### [Task]
What the answer must hold is the line containing "The world's best" and all lines after it through the end of the listing, copied exactly, with pictures left out.

### [Provided records]

------------------------------------------------------------------------

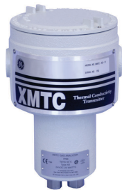
XMTC thermal conductivity gas transmitter
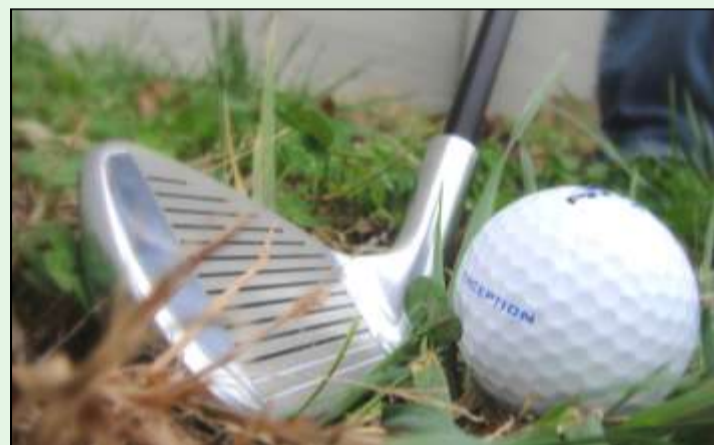
The world's best golfers will be teeing up next week for the annual Masters Tournament in Augusta, Georgia.

Despite all of these great contenders, I believe that a familiar figure will win this year's Masters. This is the year for Phil Mickelson to capture his fourth major title. The center of cheating accusations (for using a Ping wedge) this year, Mickelson more than ever is out to prove something. Now is the time for him to take the next step toward reaching Tiger.
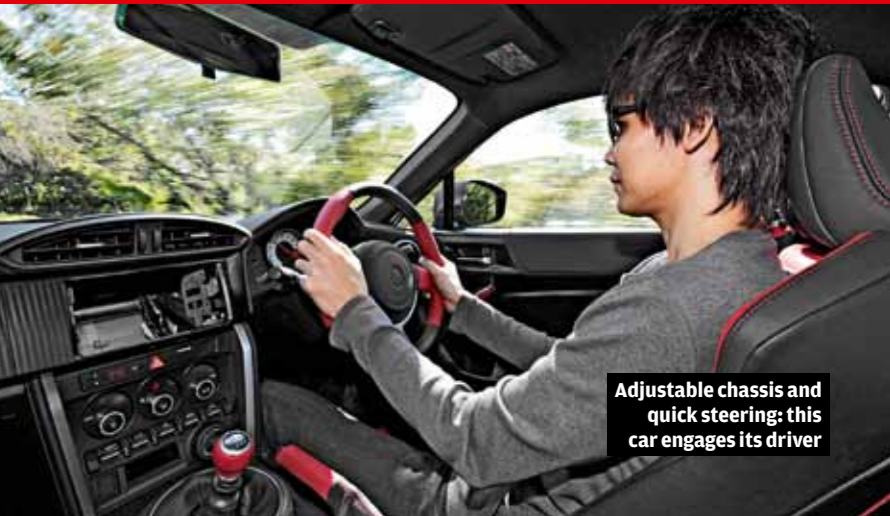
Adjustable chassis and quick steering: this car engages its driver

Turn in to a corner and there is some roll, but it's well contained. On a constant throttle and steady steering, it understeers slightly, but lift mid-corner or trail the brakes – or just throw it in – and it'll either straighten its line or flick to oversteer as you choose. There's fun to be had in either state, as the car steers delicately on the throttle or swings the tail willingly. Long drifts require a delicate use of momentum, though, because there simply isn't enough power to maintain a massive slide. →

------------------------------------------------------------------------

### [Response]
The world's best golfers will be teeing up next week for the annual Masters Tournament in Augusta, Georgia.

Despite all of these great contenders, I believe that a familiar figure will win this year's Masters. This is the year for Phil Mickelson to capture his fourth major title. The center of cheating accusations (for using a Ping wedge) this year, Mickelson more than ever is out to prove something. Now is the time for him to take the next step toward reaching Tiger.
Adjustable chassis and quick steering: this car engages its driver

Turn in to a corner and there is some roll, but it's well contained. On a constant throttle and steady steering, it understeers slightly, but lift mid-corner or trail the brakes – or just throw it in – and it'll either straighten its line or flick to oversteer as you choose. There's fun to be had in either state, as the car steers delicately on the throttle or swings the tail willingly. Long drifts require a delicate use of momentum, though, because there simply isn't enough power to maintain a massive slide. →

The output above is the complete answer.